• [WORK TO COMPLETE] Quote the records below in full, exactly as given, with the images taken out.

Records from a collection
━━━━━━━━━━━━━━━━
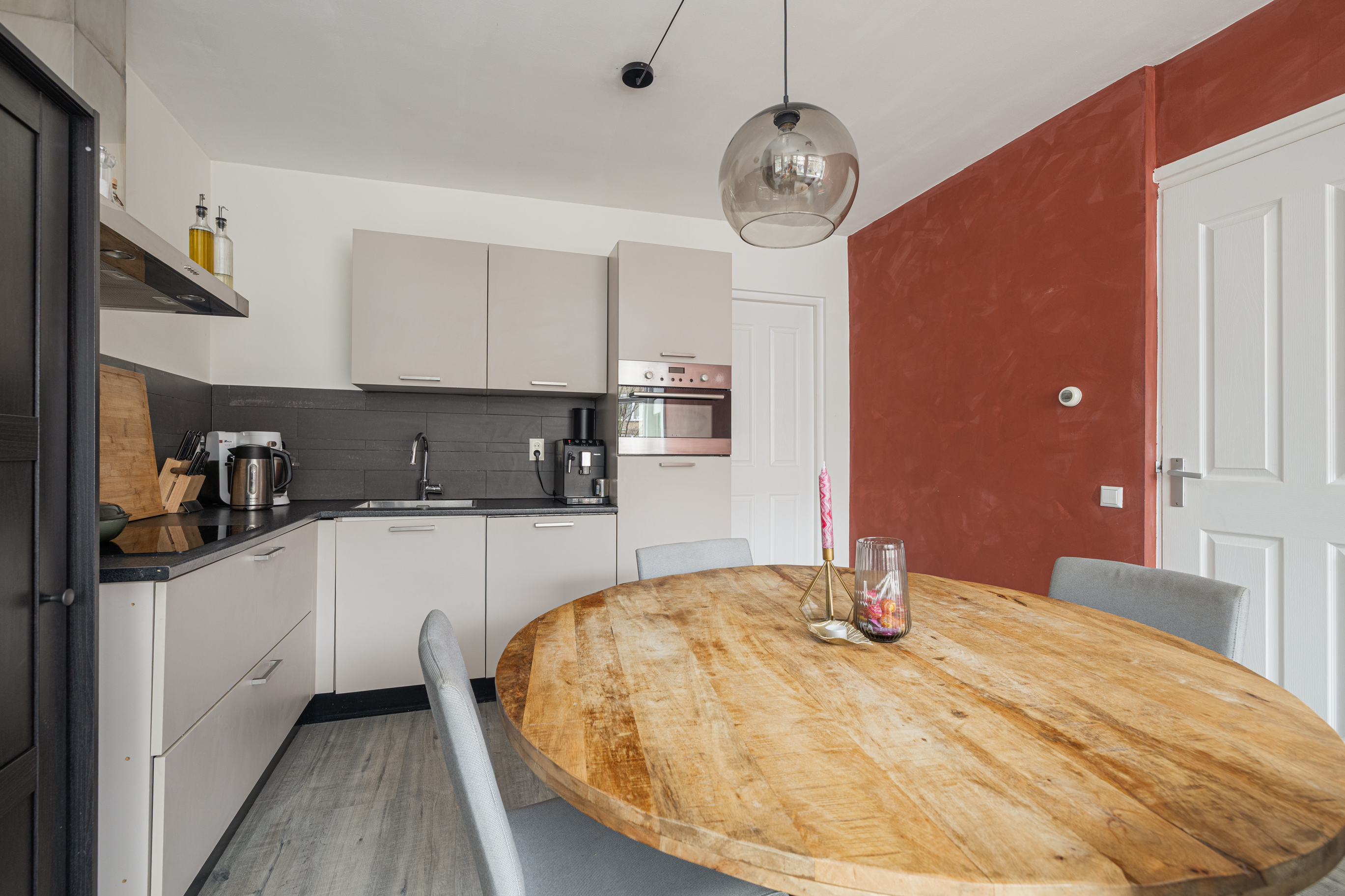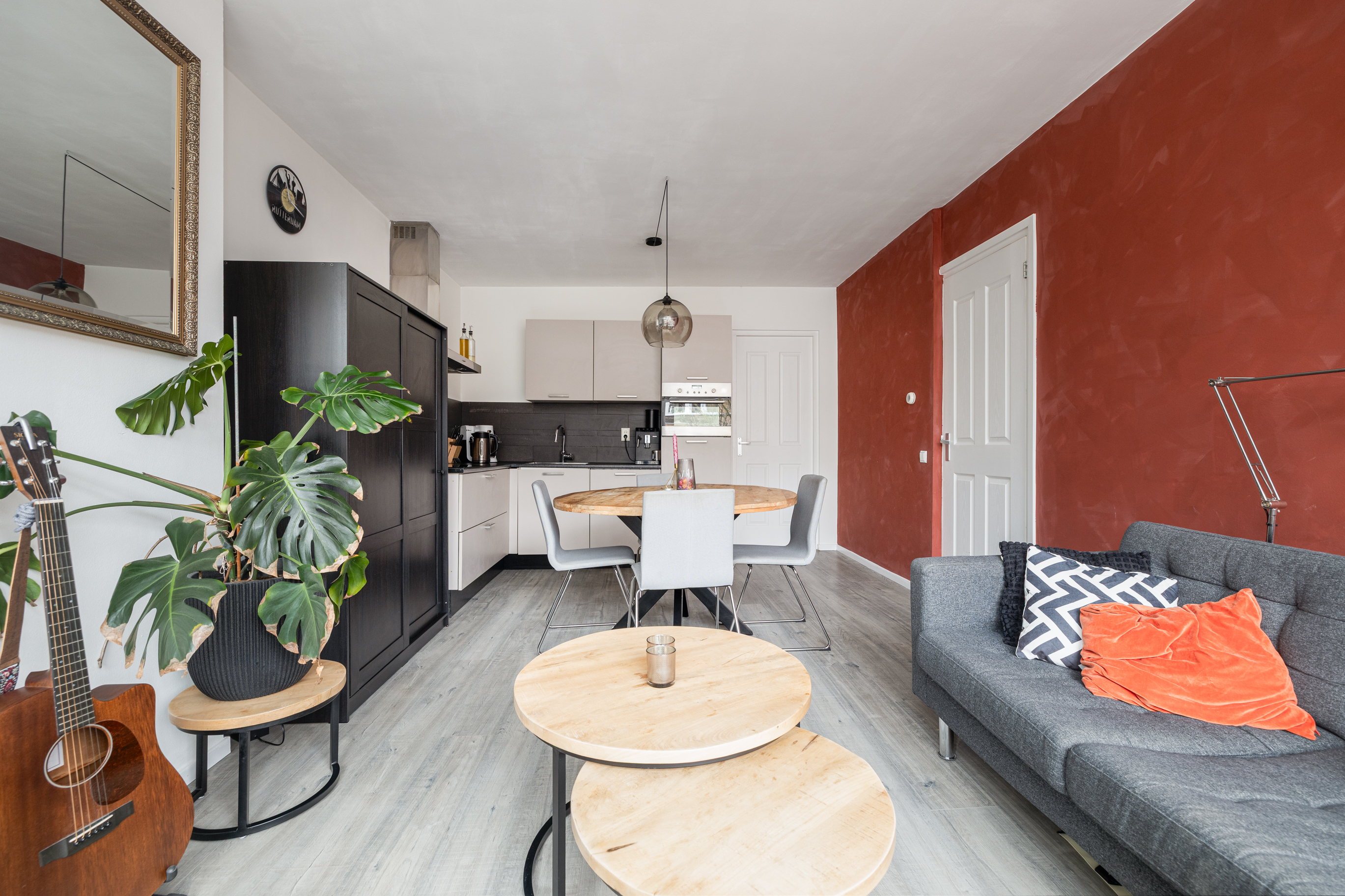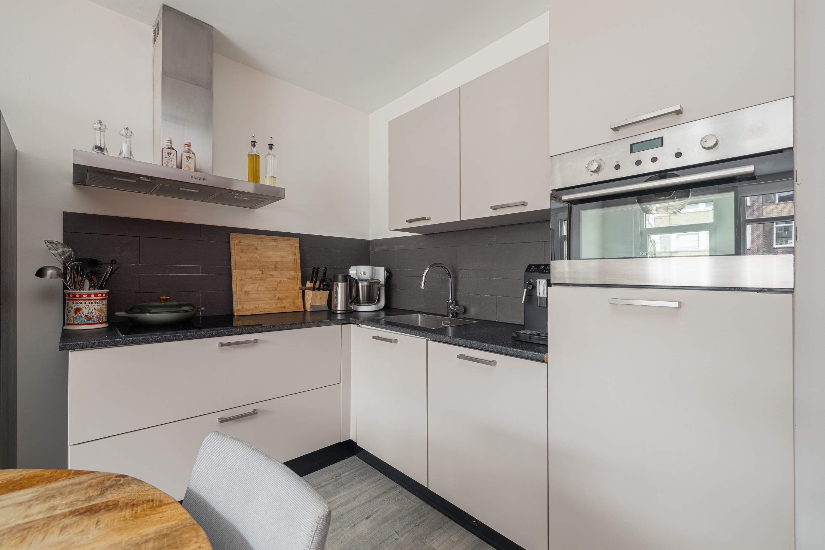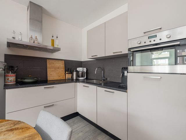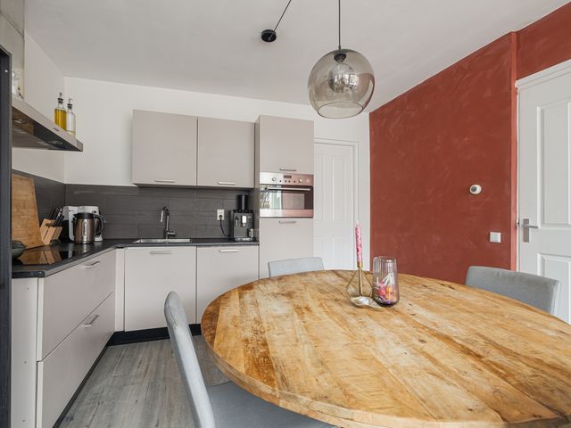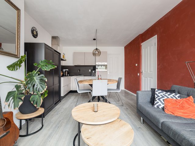 De woonkamer bevindt zich aan de voorzijde van de woning, biedt uitzicht over de straat en beschikt over grote raampartijen die zorgen voor veel natuurlijke lichtinval. De open keuken is voorzien van diverse inbouwapparatuur, waaronder een kookplaat, afzuigkap, koelkast, vaatwasser en combi-oven/magnetron.
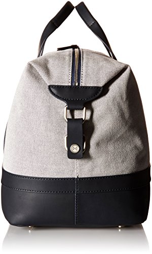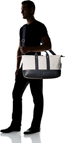 -. Feature : Two-tone duffle bag featuring structured footed bottom and banded top handles / Exterior details: 1 hidden zip pocket behind strap; interior details: 1 zip pocket, 2 large slip pockets, and 1 small slip pocket / Measurements: 19.69 inch l x 9.06 inch w x 10.24 inch h / Handles/strap: 2 leather grab handles and 1 adjustable webbing shoulder strap / Zipper closure / 4.13 grab drop, 27.56 inch shoulder drop
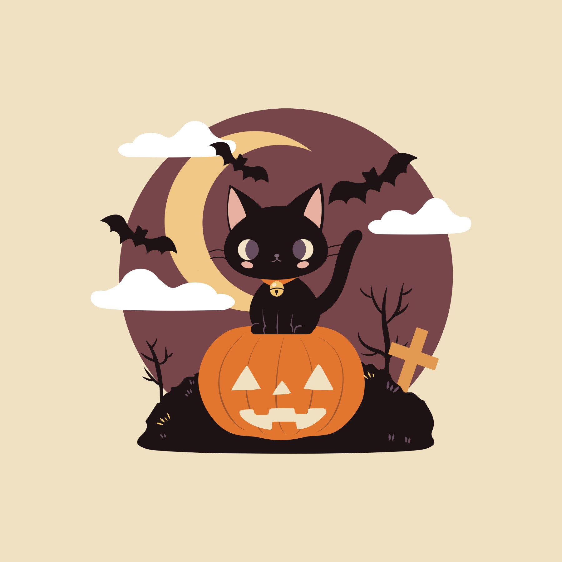 Embrace the Halloween spirit with this charming black cat halloween wallpaper! This delightful design makes for a perfect halloween wall mural, featuring an adorable black cat perched atop a grinning jack-o'-lantern, ready to cast a spell of festive cheer. The scene is set against a backdrop of a whimsical moon and spooky silhouettes of bats in the night sky. A graveyard hill with a cross and barren trees add to the Halloween spooky atmosphere. The overall aesthetic of this spooky cat wallpaper is playfully spooky and irresistibly cute, making it perfect for adding a touch of seasonal whimsy to your home. This piece of pumpkin wall decor will instantly infuse your space with Halloween magic and brighten your day with the endearing charm of a black cat and a grinning pumpkin.
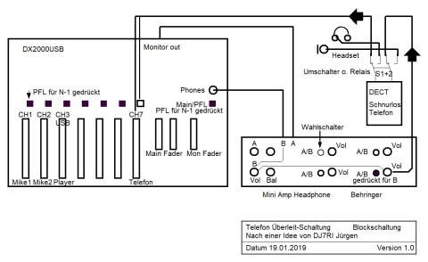 Wer einen Kopfhörer-Verstärker/Verteiler hat mag die komfortable Verteilung nutzen, siehe mein Blockbild. Die Umschaltung zwischen dem Telefon Headset und der Studioanlage kann man manuell über ein Schalter oder halbautomatisch über einen Fader-Schalter am Telefonkanal, bei mir Kanal 7, ausführen lassen.
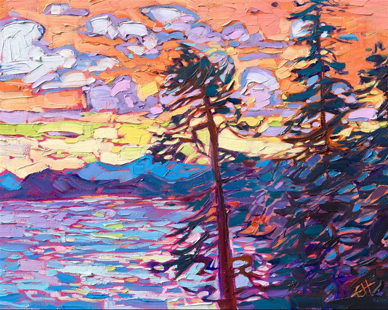 Note on varnishing: Erin’s paintings take six to eight weeks to dry, at which time we apply a retouching varnish, which allows the painting to complete the curing process while having a layer of protection against dirt and scuffs. The full curing process for an impasto oil painting takes at least two years. We are happy to assist in applying a final finishing varnish to your Erin Hanson oil painting once it has been dry for at least two years. Here is more information on how to care for your original oil painting.
━━━━━━━━━━━━━━━━
• [RESULT OF THE EXERCISE]
 De woonkamer bevindt zich aan de voorzijde van de woning, biedt uitzicht over de straat en beschikt over grote raampartijen die zorgen voor veel natuurlijke lichtinval. De open keuken is voorzien van diverse inbouwapparatuur, waaronder een kookplaat, afzuigkap, koelkast, vaatwasser en combi-oven/magnetron.
 -. Feature : Two-tone duffle bag featuring structured footed bottom and banded top handles / Exterior details: 1 hidden zip pocket behind strap; interior details: 1 zip pocket, 2 large slip pockets, and 1 small slip pocket / Measurements: 19.69 inch l x 9.06 inch w x 10.24 inch h / Handles/strap: 2 leather grab handles and 1 adjustable webbing shoulder strap / Zipper closure / 4.13 grab drop, 27.56 inch shoulder drop
 Embrace the Halloween spirit with this charming black cat halloween wallpaper! This delightful design makes for a perfect halloween wall mural, featuring an adorable black cat perched atop a grinning jack-o'-lantern, ready to cast a spell of festive cheer. The scene is set against a backdrop of a whimsical moon and spooky silhouettes of bats in the night sky. A graveyard hill with a cross and barren trees add to the Halloween spooky atmosphere. The overall aesthetic of this spooky cat wallpaper is playfully spooky and irresistibly cute, making it perfect for adding a touch of seasonal whimsy to your home. This piece of pumpkin wall decor will instantly infuse your space with Halloween magic and brighten your day with the endearing charm of a black cat and a grinning pumpkin.
 Wer einen Kopfhörer-Verstärker/Verteiler hat mag die komfortable Verteilung nutzen, siehe mein Blockbild. Die Umschaltung zwischen dem Telefon Headset und der Studioanlage kann man manuell über ein Schalter oder halbautomatisch über einen Fader-Schalter am Telefonkanal, bei mir Kanal 7, ausführen lassen.
 Note on varnishing: Erin’s paintings take six to eight weeks to dry, at which time we apply a retouching varnish, which allows the painting to complete the curing process while having a layer of protection against dirt and scuffs. The full curing process for an impasto oil painting takes at least two years. We are happy to assist in applying a final finishing varnish to your Erin Hanson oil painting once it has been dry for at least two years. Here is more information on how to care for your original oil painting.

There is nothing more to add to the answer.